▶ Supplied data

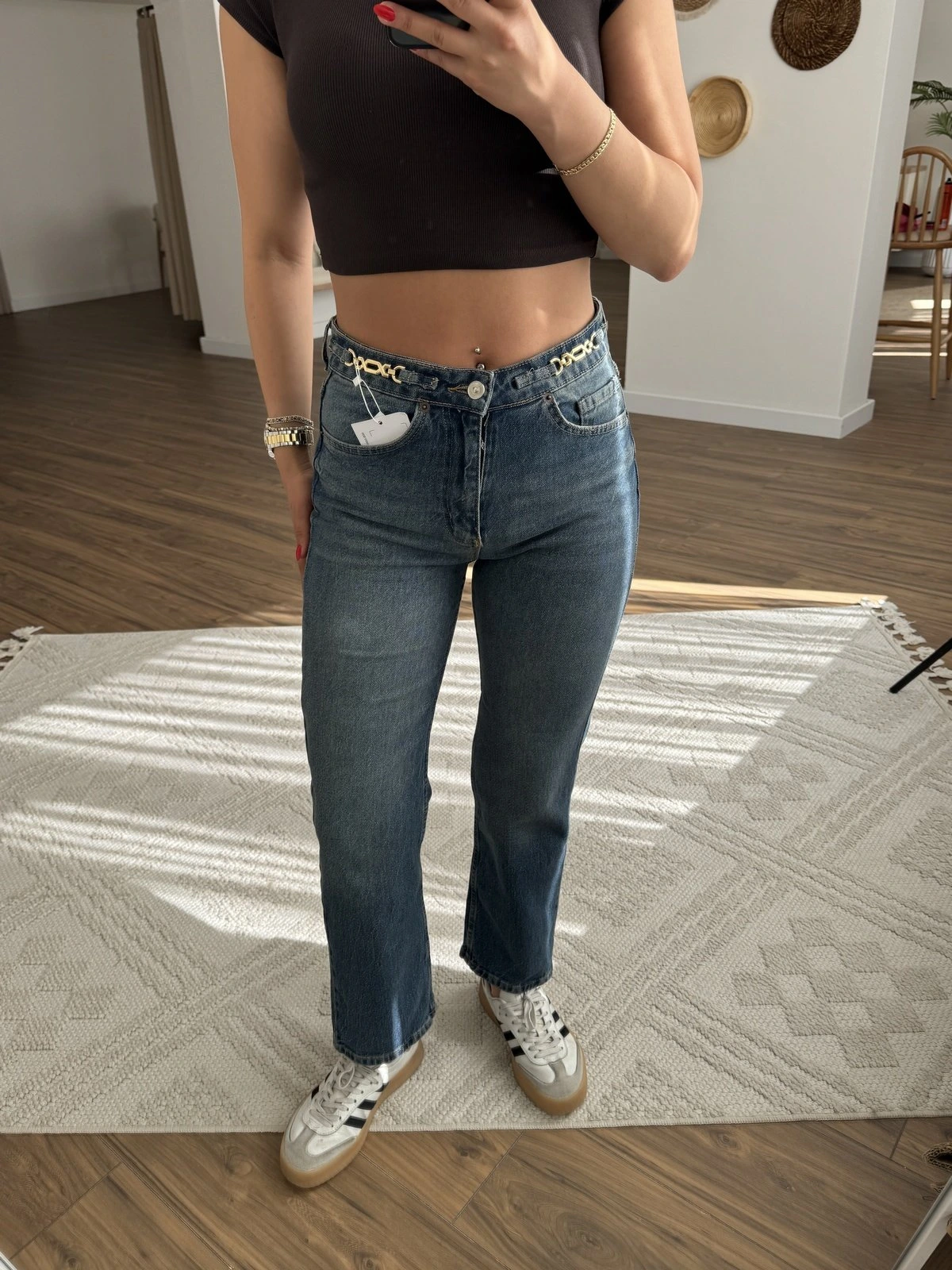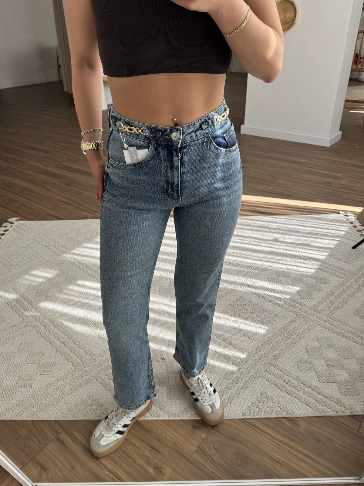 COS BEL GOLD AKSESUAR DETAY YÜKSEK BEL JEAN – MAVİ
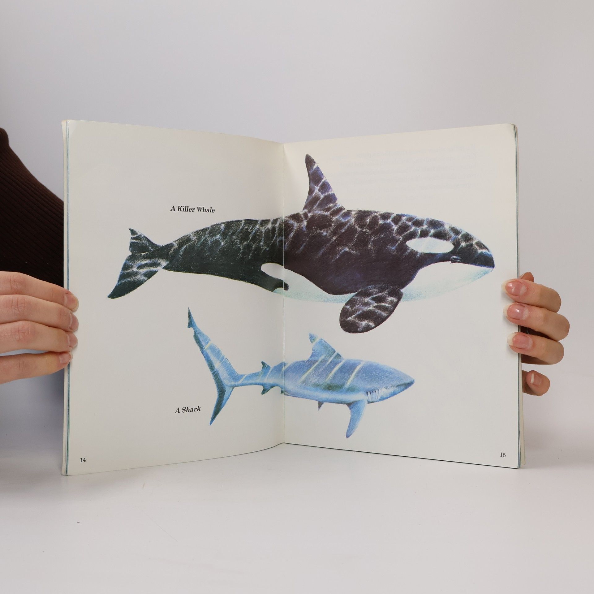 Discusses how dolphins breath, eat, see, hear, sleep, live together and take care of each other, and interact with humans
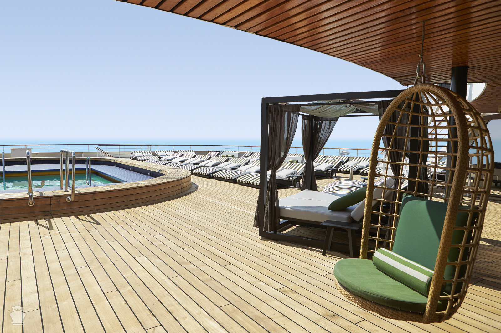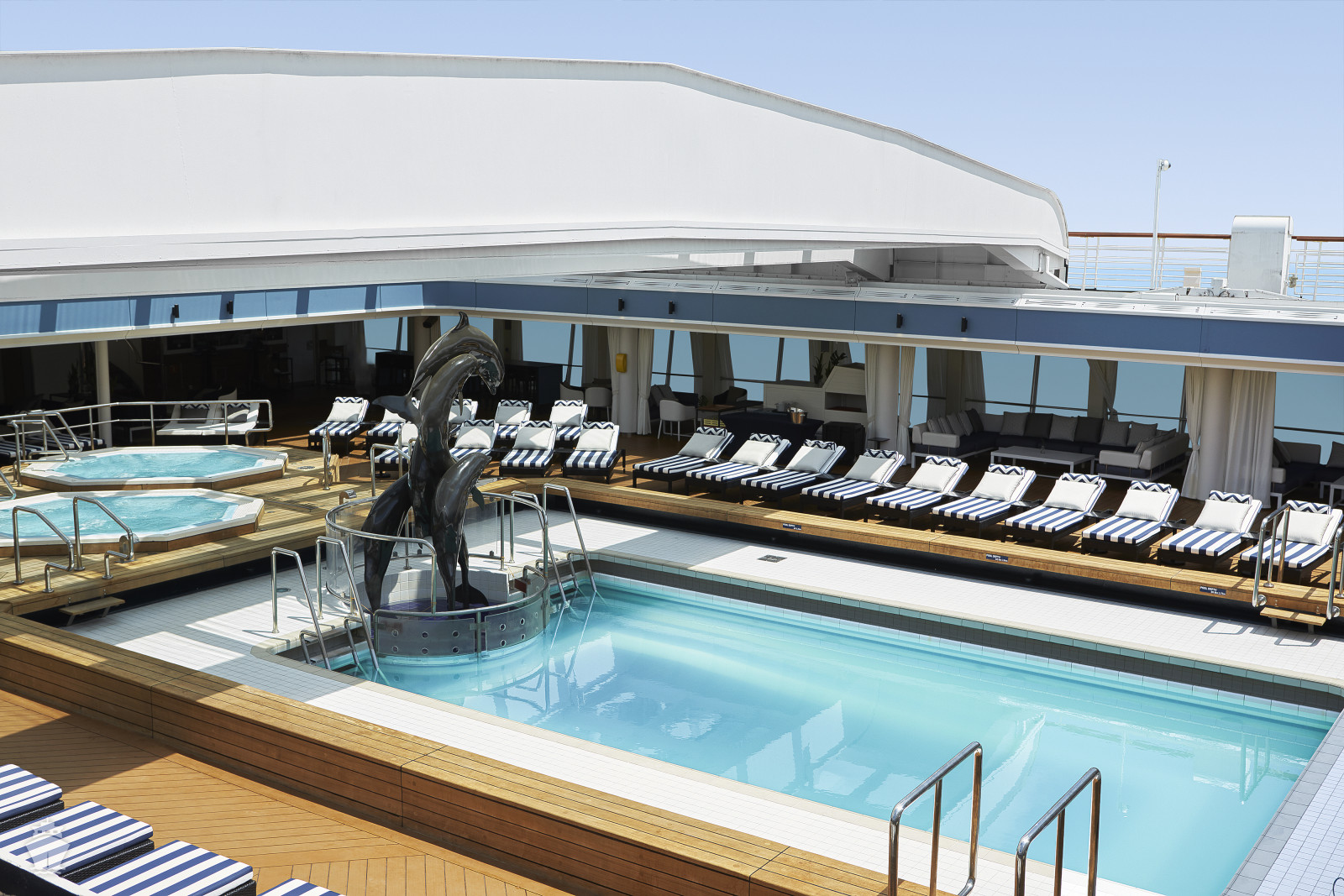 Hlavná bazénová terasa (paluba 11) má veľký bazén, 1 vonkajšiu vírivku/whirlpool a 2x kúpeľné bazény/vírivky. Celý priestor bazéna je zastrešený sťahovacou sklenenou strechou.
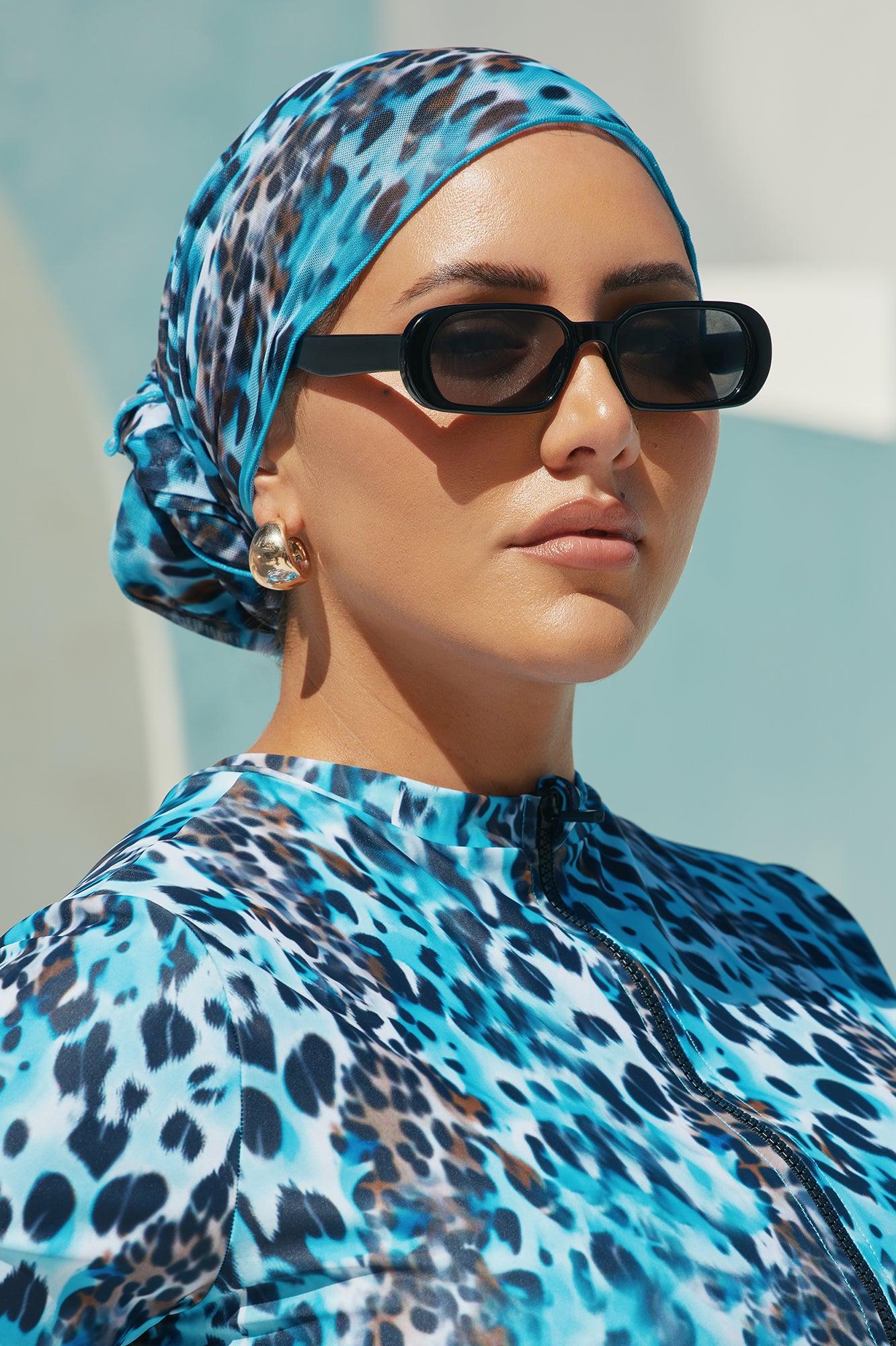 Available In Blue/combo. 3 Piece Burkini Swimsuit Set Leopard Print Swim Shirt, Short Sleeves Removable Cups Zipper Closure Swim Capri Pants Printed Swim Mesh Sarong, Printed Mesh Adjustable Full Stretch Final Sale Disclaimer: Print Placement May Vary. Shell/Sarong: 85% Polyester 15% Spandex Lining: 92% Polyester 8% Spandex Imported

▶ Task item
Copy exactly the lines of the listing above between the one holding "Discusses how dolphins" and the one holding "Hlavná bazénová terasa", inclusive; omit all pictures.

▶ Worked solution
 Discusses how dolphins breath, eat, see, hear, sleep, live together and take care of each other, and interact with humans
 Hlavná bazénová terasa (paluba 11) má veľký bazén, 1 vonkajšiu vírivku/whirlpool a 2x kúpeľné bazény/vírivky. Celý priestor bazéna je zastrešený sťahovacou sklenenou strechou.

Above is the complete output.